_EXERCISE INSTRUCTIONS_:
In the data below, the answer is the run of lines from the line containing "This beach design" through the line containing "En esta nota", both included; print it exactly and nothing else.

_DATA PROVIDED_:
────

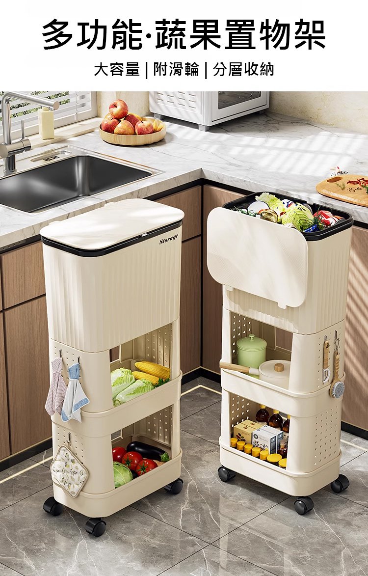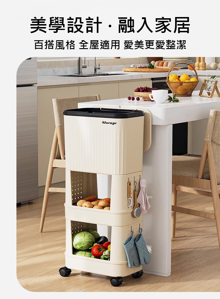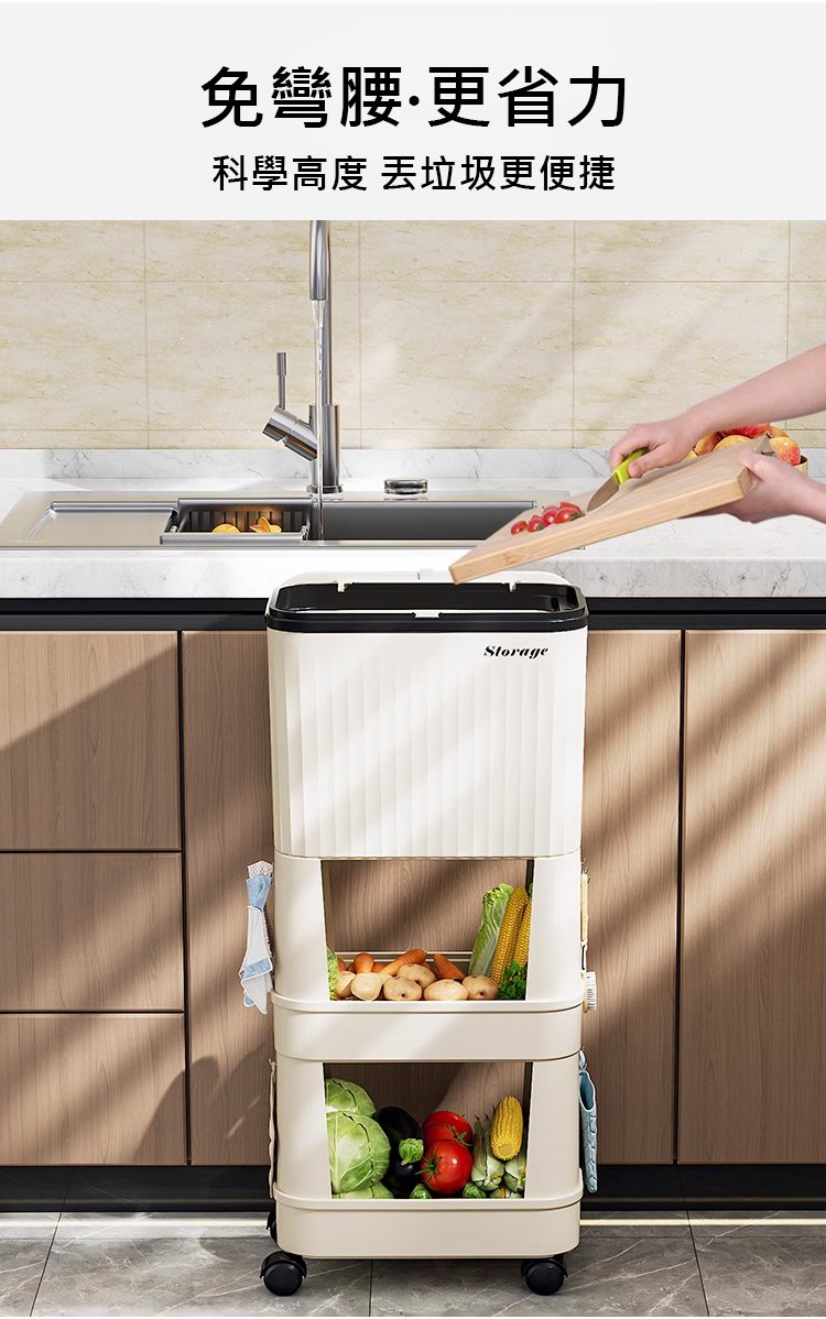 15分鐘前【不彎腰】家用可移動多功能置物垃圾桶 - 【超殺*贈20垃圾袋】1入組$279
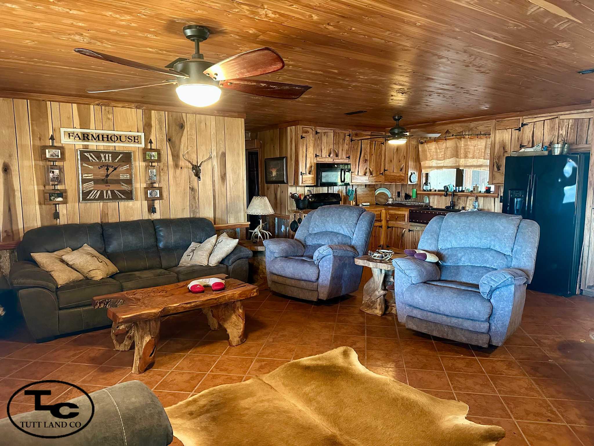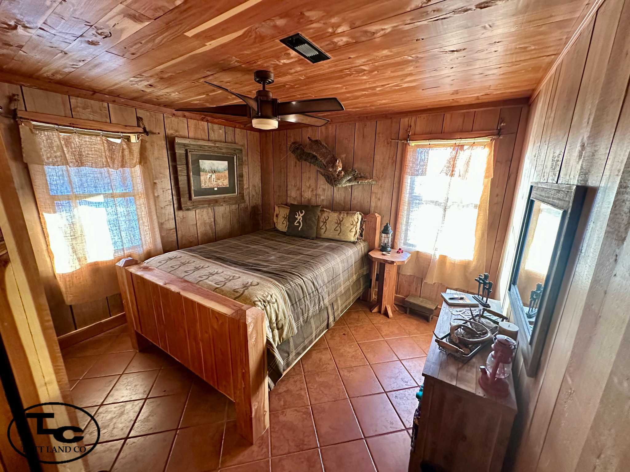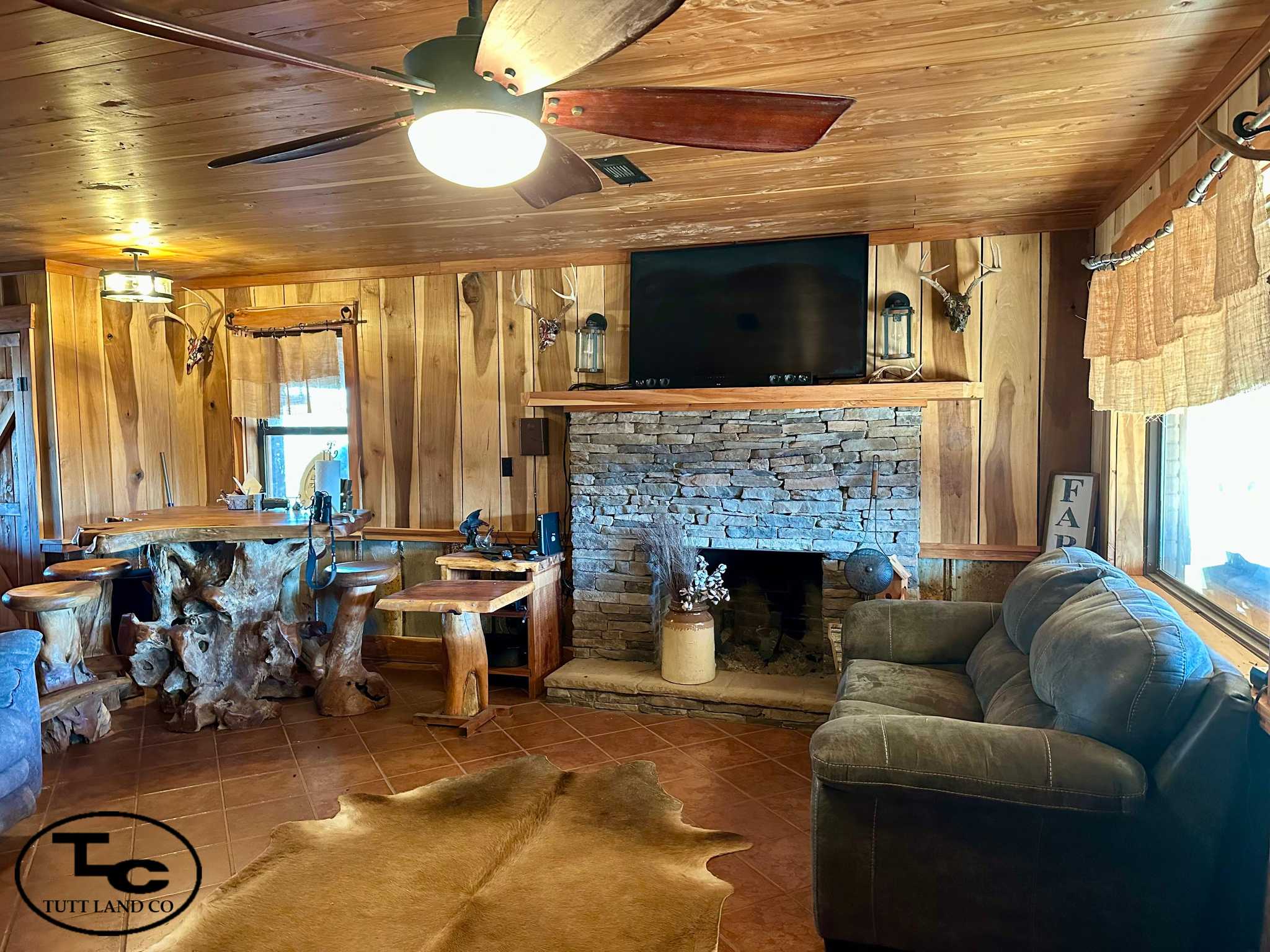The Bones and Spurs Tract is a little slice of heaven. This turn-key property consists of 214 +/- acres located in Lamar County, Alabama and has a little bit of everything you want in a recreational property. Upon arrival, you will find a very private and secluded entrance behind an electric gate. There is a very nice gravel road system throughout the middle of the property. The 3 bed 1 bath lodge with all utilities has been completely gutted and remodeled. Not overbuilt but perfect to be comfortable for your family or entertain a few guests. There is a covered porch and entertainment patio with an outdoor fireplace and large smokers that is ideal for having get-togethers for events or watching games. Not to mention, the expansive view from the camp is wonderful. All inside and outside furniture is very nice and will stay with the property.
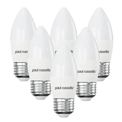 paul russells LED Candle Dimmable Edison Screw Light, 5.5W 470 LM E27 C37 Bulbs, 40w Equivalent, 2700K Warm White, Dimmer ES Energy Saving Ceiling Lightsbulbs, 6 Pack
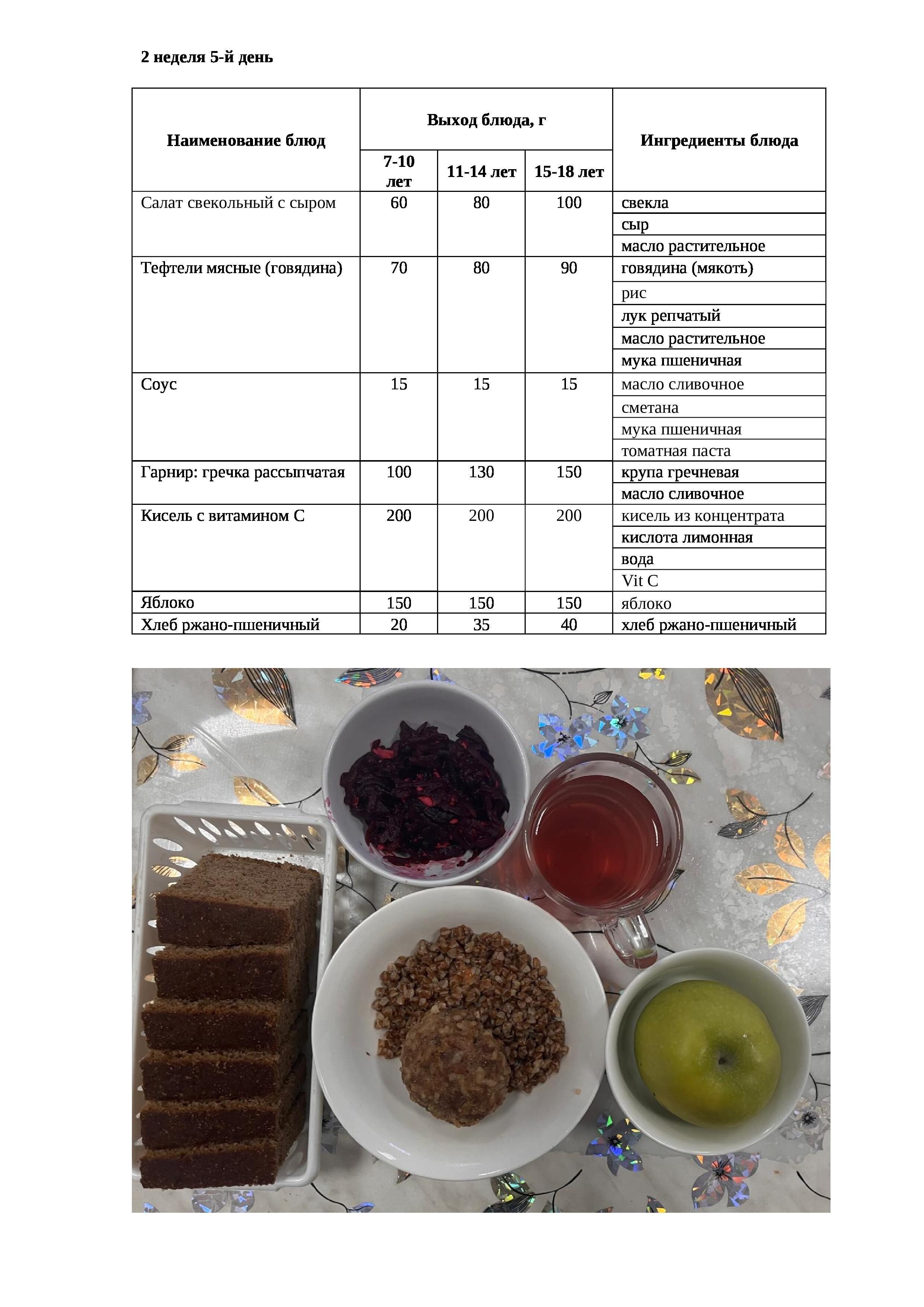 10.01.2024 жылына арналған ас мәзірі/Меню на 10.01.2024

────

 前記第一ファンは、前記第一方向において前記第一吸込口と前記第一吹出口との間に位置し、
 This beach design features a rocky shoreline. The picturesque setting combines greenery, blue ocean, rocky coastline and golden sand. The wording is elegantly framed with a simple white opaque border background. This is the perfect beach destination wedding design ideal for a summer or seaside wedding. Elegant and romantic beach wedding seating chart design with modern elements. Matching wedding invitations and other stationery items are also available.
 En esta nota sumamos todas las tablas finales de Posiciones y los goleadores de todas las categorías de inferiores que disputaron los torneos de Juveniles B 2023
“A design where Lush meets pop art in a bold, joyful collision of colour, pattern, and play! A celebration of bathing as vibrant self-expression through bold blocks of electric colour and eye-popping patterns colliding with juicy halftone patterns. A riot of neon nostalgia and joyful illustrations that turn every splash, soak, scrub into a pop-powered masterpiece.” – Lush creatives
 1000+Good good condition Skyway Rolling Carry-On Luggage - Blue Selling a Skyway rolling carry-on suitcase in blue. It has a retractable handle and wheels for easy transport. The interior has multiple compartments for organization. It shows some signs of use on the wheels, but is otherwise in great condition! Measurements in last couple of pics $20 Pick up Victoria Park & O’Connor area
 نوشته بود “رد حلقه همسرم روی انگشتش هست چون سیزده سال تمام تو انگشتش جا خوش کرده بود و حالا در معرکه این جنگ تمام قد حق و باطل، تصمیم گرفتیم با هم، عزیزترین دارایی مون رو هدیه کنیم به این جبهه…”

────

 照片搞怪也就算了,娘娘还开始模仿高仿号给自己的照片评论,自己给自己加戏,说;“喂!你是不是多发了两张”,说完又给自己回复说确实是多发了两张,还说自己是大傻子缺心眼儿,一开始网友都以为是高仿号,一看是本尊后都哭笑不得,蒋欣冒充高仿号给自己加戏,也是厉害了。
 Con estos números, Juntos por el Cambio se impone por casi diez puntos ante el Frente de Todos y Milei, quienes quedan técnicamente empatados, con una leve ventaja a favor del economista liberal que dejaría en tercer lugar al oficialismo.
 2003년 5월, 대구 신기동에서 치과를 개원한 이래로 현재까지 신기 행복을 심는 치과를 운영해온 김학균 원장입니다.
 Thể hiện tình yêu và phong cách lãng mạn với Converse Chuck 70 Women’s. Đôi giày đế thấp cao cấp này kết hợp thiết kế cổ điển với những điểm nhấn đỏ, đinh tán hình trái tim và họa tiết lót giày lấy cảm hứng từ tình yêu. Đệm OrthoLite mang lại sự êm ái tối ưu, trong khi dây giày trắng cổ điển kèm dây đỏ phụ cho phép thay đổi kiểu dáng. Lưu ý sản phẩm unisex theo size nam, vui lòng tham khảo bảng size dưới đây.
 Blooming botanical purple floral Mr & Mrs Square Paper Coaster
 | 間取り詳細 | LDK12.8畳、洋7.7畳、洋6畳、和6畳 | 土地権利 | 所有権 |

────

_RESULT OF THE EXERCISE_:
 This beach design features a rocky shoreline. The picturesque setting combines greenery, blue ocean, rocky coastline and golden sand. The wording is elegantly framed with a simple white opaque border background. This is the perfect beach destination wedding design ideal for a summer or seaside wedding. Elegant and romantic beach wedding seating chart design with modern elements. Matching wedding invitations and other stationery items are also available.
 En esta nota sumamos todas las tablas finales de Posiciones y los goleadores de todas las categorías de inferiores que disputaron los torneos de Juveniles B 2023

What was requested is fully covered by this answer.